# Kudos to some VGSR volunteers



## Remo (Sep 8, 2004)

I was sure whether I should post this in the rescue section, or in the Brags section!

This morning at around 7:20 my phone rang and it was a former volunteer calling to tell me that he was trying to catch a stray GSD that was running in and out of traffic on a busy road. The dog was shy and he could not catch him alone. 

I pulled up the VGSR rescue volunteer roster and started making calls to volunteers close to that area. Every single person that I called show up to help! The first guy, Greg, when I apologized for calling him at 7:30 AM on a Sunday told me that he had already been up for 3 hours! 

How many people would hop into their winter clothes, and boots since we have ice/snow on the ground, and drive out to help catch a stray dog on an early Sunday morning? 

I am delighted to report that thanks to the efforts of a group of VGSR volunteers, the dog was captured, and being transported to the shelter. And apparently, one of the LEOs that was in on the chase wants to adopt him if no one is looking for him. 

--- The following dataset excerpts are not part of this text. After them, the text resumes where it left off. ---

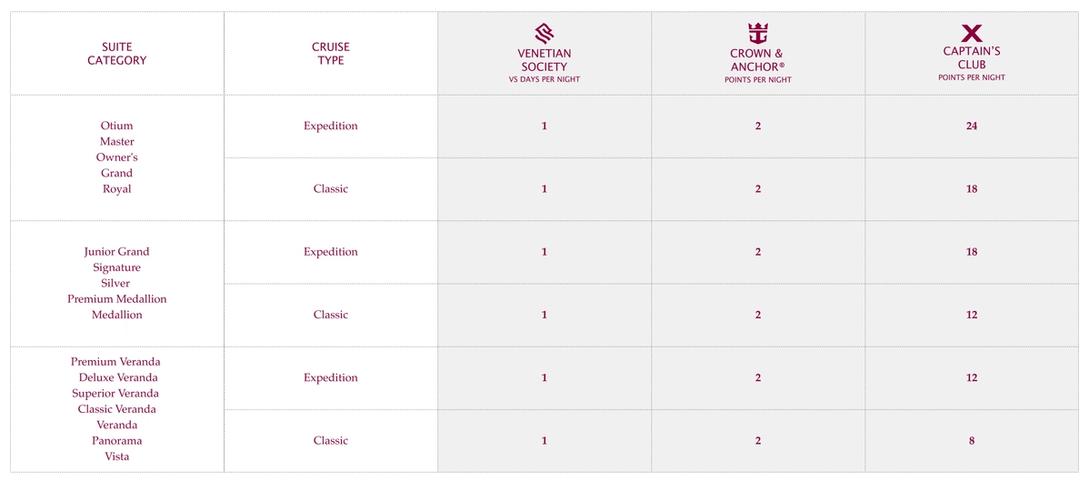 I bunn og grunn er 1 natt hos et rederi tilsvarende 1 natt hos et annet rederi, innenfor tilsvarende kategori. Så 1 natt i balkong tilsvarer 1 natt i balkong på tvers av Royal Caribbean og Celebrity. Silversea har kun suiter så her blir det annerledes, men også lavere nivåkategorier hos Royal Caribbean og Celebrity vil gi deg delvis poeng hos Silversea.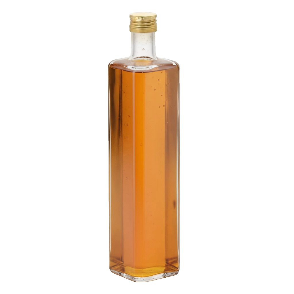 Elegant glasflaske med en kapacitet på 750 ml, ideel til hjemmelavede juicer, sirupper, likører og olier. Det kvalitetsklare glas muliggør en æstetisk præsentation af indholdet, mens det gyldne metalskruelåg sikrer en helt tæt lukning uden lækage. Det moderne, slanke design passer både i køkkenet og på bordet, og genbrug er en miljøvenlig alternativ til plast.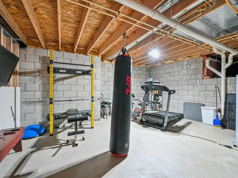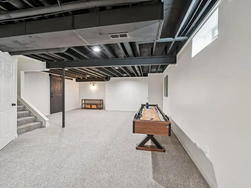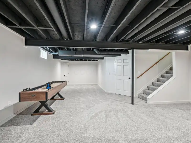 - Partially finished basement with storage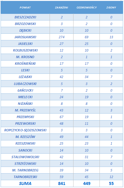 Na Podkarpaciu odnotowano 16 nowych zakażeń, najwięcej (10) w powiecie jarosławskim. Wśród nich jest 6 kobiet i 4 mężczyzn. Zakażenie potwierdzono także u mężczyzny z powiatu przemyskiego, kobiety z Przemyśla, dwóch osób z powiatu mieleckiego (kobiety i mężczyzny) oraz dwóch osób z powiatu łańcuckiego (kobiety i dziecka).
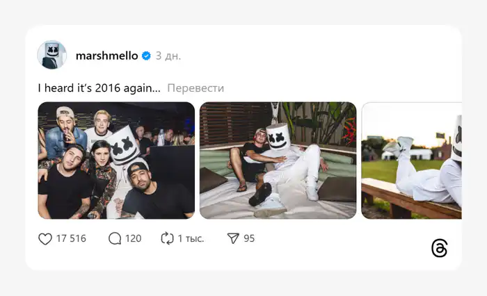 Тренд быстро подхватили и знаменитости. К примеру, диджей Marshmello опубликовал пост с подписью "I heard it’s 2016 again…" и собрал тысячи лайков.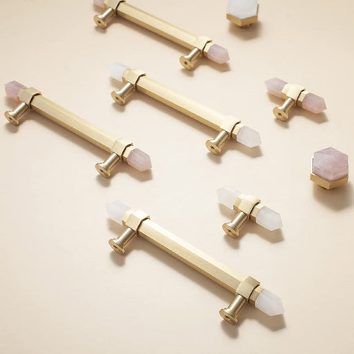 DecorfunhardwareSpecifications: Material: Metal, Crystal Exterior Finish: Brass, Copper Color: White, Pink Handle Type: Knob, Pull Handle Shape: Hexagon...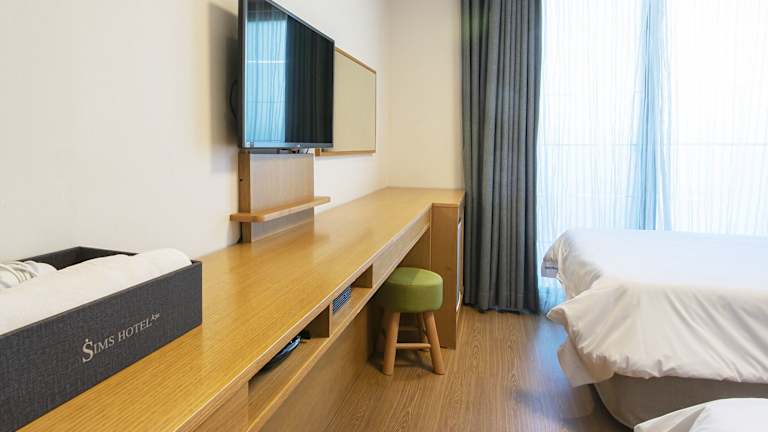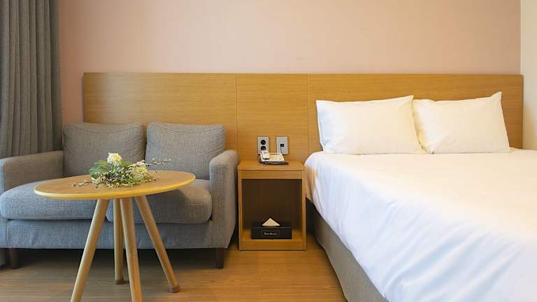 Die Zimmer sind mit einer Klimaanlage und Heizung ausgestattet und bieten ein angenehmes Raumklima. Jedes Zimmer verfügt über ein Doppelbett sowie einen Kühlschrank. Kommunikations- und Unterhaltungsmöglichkeiten sind durch ein Telefon, ein TV-Gerät und kostenfreies Wifi sichergestellt. Im Badezimmer finden die Gäste eine Dusche oder Badewanne sowie Kosmetikartikel vor. Das Hotel bietet sowohl Familienzimmer als auch Nichtraucherzimmer.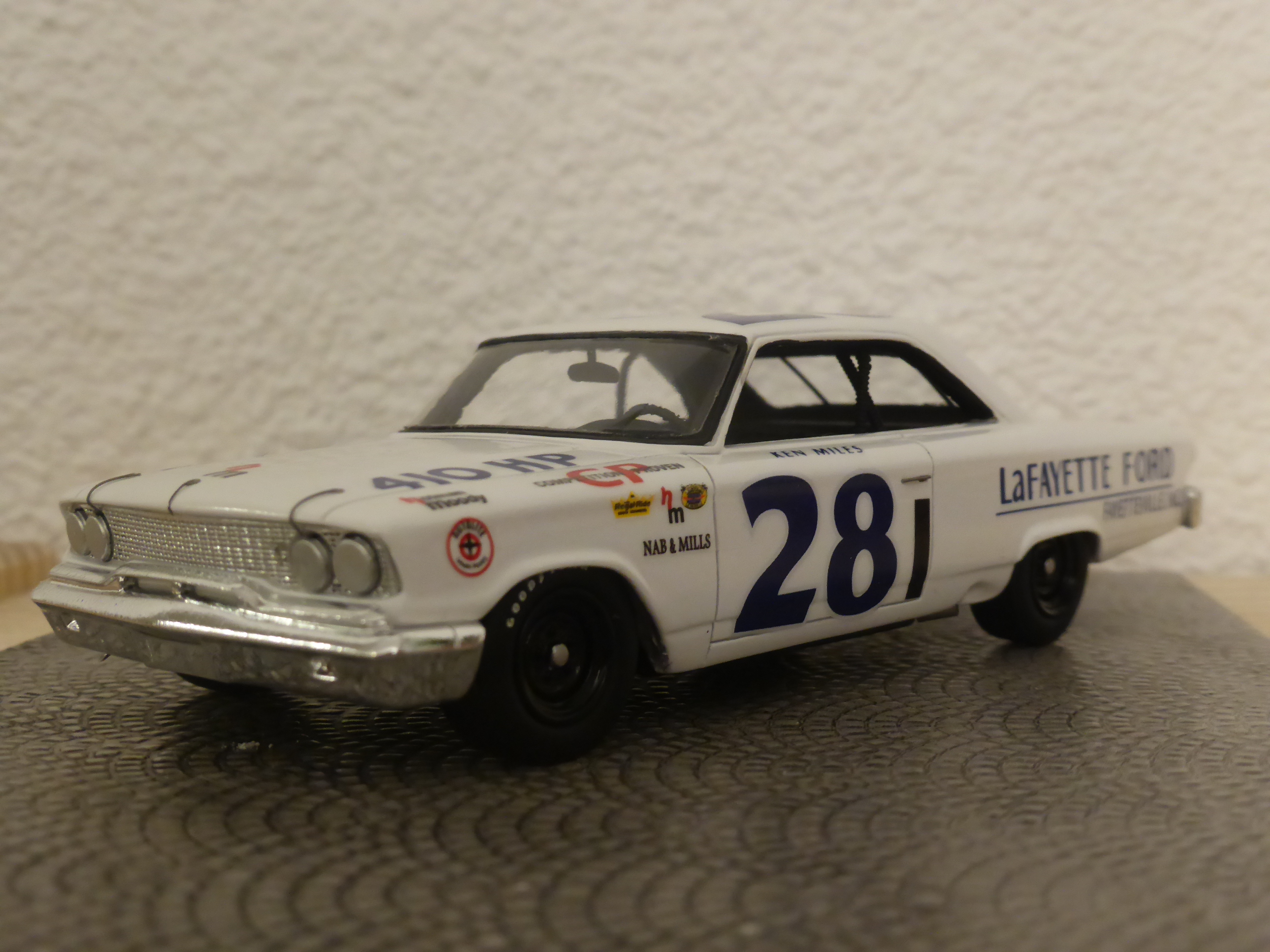 Il film Le Mans \’66 dell\’anno scorso ha avuto, fra i suoi meriti, quello di far conoscere meglio la figura di Ken Miles e Spark non si è lasciata sfuggire l\’occasione di riprodurre la vettura con la quale il pilota britannico partecipò alla sua unica gara NASCAR. Fu a Riverside, nell\’autunno del 1963. Gli antefatti, probabilmente, sono noti a molti, ma vale forse la pena ricordarli. All\’inizio del 1963 Miles aveva iniziato una collaborazione con Carrol Shelby, come pilota e come direttore del team, struttura di punta dei programmi sportivi Ford dell\’epoca. Insieme a Dave MacDonald, Miles era diventato una figura importante per l\’immagine della Ford.

So, hats off to some awesome VGSR volunteers who didn't even have time to belt down some coffee before they went off to bring an unknown dog to safety.


----------



## Zisso (Mar 20, 2009)

How awesome is that!!


----------



## Stevenzachsmom (Mar 3, 2008)

Not surprised. Like I always say......German Shepherd people are the best. Way to go VGSR volunteers! Good job!


----------



## Daisy&Lucky's Mom (Apr 24, 2011)

kudos to all of you. thanks for saving that baby.


----------



## Andaka (Jun 29, 2003)

Thanks for saving that poor dog.


----------



## Scarlettsmom (Jul 12, 2011)

That's why I make a contribution to VGSR every year! Scarlett is one of theirs. 

Thanks to VGSR and the volunteers that make it work!


----------



## GSDBESTK9 (Mar 26, 2002)

Kudos to all involved.


----------